Rudy veía Miramar como el símbolo de la burguesía vencida. Era poder, pero poder blando. Era solidez, pero cálida y familiar. Le faltaba dureza y crueldad y quizás le sobraban escrúpulos. Era puño blando al que se reconoce y no se teme. Le citaron allí como militante del Partido Comunista para una misión secretísima. No tenía idea para qué.
Pero el lugar era hermoso. Se trataba de una escuela. Una escuela construida sin tener en cuenta el odio y la envidia. Con casuarinas y muros inofensivos. Sin defensas, sin arbustos espinosos, sin cascos de botella cortantes en el borde de los muros. Sin elementos útiles para cortar o herir con el pretexto de la protección.
Rudy atravesó el portón y se unió a un grupo en que vio gente conocida. Viejos compañeros del Partido, a algunos los había conocido cuando eran jóvenes y rebeldes. Habían engordado.
Llegaban en cómodos automóviles Lada. Tenían abdomen pronunciado y grueso cuello de bienestar. Ellos tampoco sabían para qué los habían citado. No hicieron preguntas porque siempre alguien traía respuestas o en el peor de los casos, hacía nuevas preguntas.

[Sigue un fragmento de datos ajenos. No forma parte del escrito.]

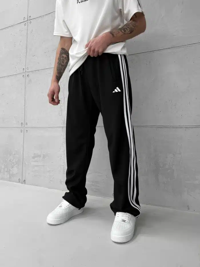 ‘AD’ 3 Şeritli Lastikli Stoper Paça Baggy Eşofman – Siyah

Mientras, conversaban animadamente sobre temas y cuestiones baladíes. Cuantos hijos nacieron desde que no se veían, quienes y por qué se divorciaron. Cómo anda la salud y qué fue de Fulano, donde anda Zutano. Lo hacían al pie de una estatua de Jesús Predicador con un niño en sus brazos. No hay que olvidar que los padres rectores de esa escuela, educaron en Cristo y lo hicieron con amor.
En esta escuela preparaban a los más favorecidos. También dirigían otra escuela y en aquella preparaban a los pobres con el mismo amor y propósito. Pero estaba situada lejos de Miramar. Entre los pobres, en el lugar adecuado.

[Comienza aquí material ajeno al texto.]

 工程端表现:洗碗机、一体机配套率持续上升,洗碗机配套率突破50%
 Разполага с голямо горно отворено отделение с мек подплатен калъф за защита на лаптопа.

Rudy era un cuadro del Partido. No era de los más endurecidos. Siempre le decían que su origen de clase lo traicionaba. Trataba infructuosamente de ganar méritos y convertirse en un hombre de vanguardia. Pero no lo conseguía. Le faltaba algo que los grandes gurues verdeolivo definían como odio de clase. Rudy no conseguía odiar adecuadamente. Hilario lo ayudó mucho en esto. Trabajaron juntos antes. Rudy le firmó su aval junto a otros militantes, para que pasara a trabajar en la Seguridad del Estado. No habían vuelto a verse.
El ideológico del Comité Municipal del Partido se dirigió a ellos, fue breve, casi lacónico.

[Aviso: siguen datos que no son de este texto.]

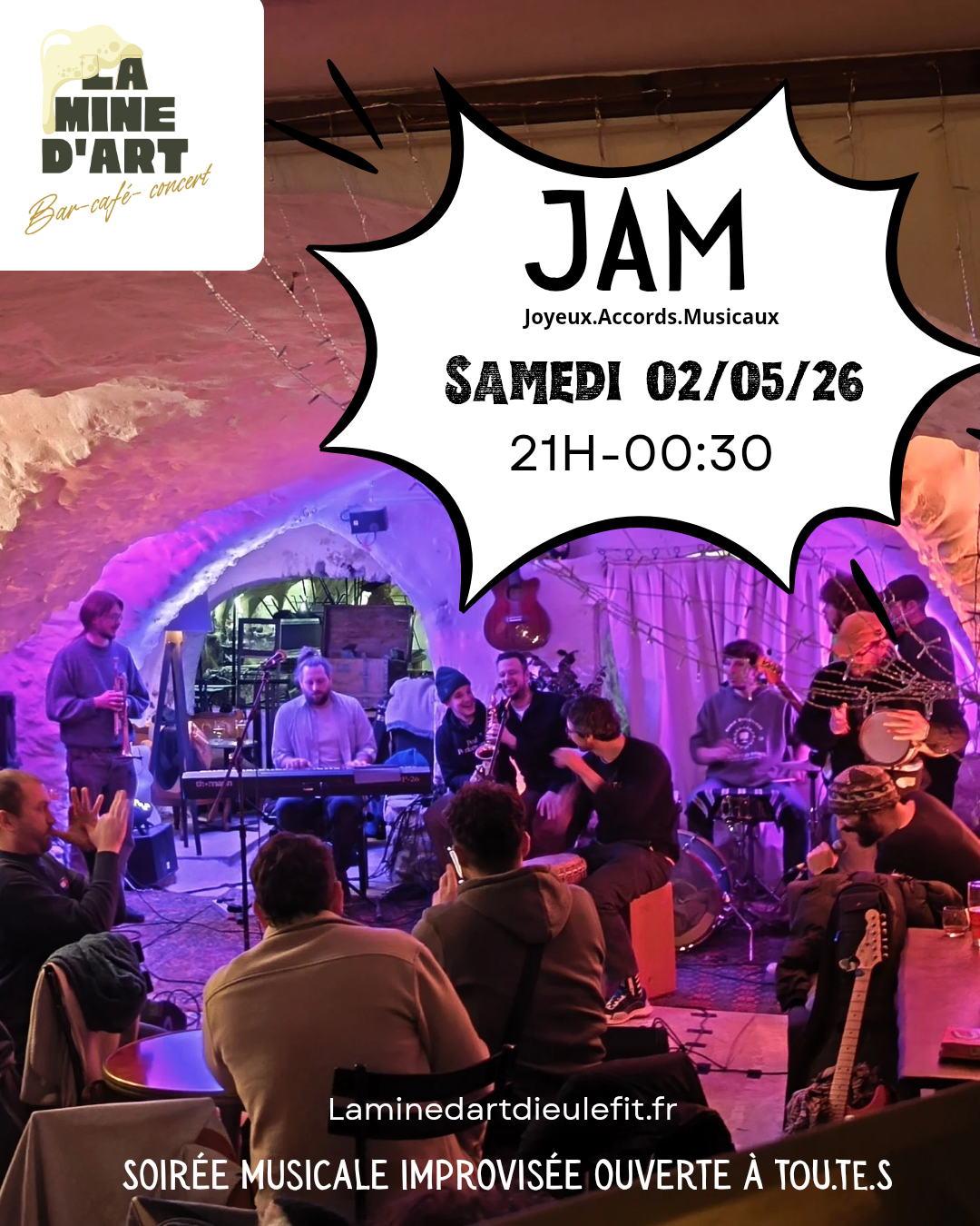 1 Description Opening Rate Situation Description Spoken languages French Themes Various music Opening Saturday 2 May 2026 from 9 pm. Rate Free of charge. Situation Show itinerary

-Vienen unos compañeros de la Seguridad para explicarnos la tarea. Nadie puede irse. Estén atentos- esto fue lo que dijo. Como de costumbre, nadie hizo preguntas.
Rudy se alejó y se sentó bajo una de las casuarinas. Miró para cerciorarse que no hubiera hormigas. Le preocupaban especialmente las hormigas bravas. Estas eran rojas y pequeñas. Muy agresivas. Continuaban picando, aun después que uno las aplastaba. Provocaban un ardor muy acentuado que sólo se aliviaba frotando alcohol con fuerza sobre la picada.
El sol vespertino era anaranjado y optimista. Los crepúsculos naranja son siempre optimistas. Es sol brillante pero blando, de los que estimula más que castigar. No hacía calor esa tarde de abril que alguien consideró el mes más cruel.
Los hombres de la Seguridad no se hicieron esperar. Llegaron en un auto de chapa oficial con los emblemas de su institución. A Rudy le parecía gracioso el comportamiento en público de estos hombres. Aunque sonreían en muy raras ocasiones, parecían estar representando un ballet. Tenían una conducta muy estereotipada, como si ensayaran sus apariciones en público. Era una coreografía ensayada muchas veces que repetían sin errores.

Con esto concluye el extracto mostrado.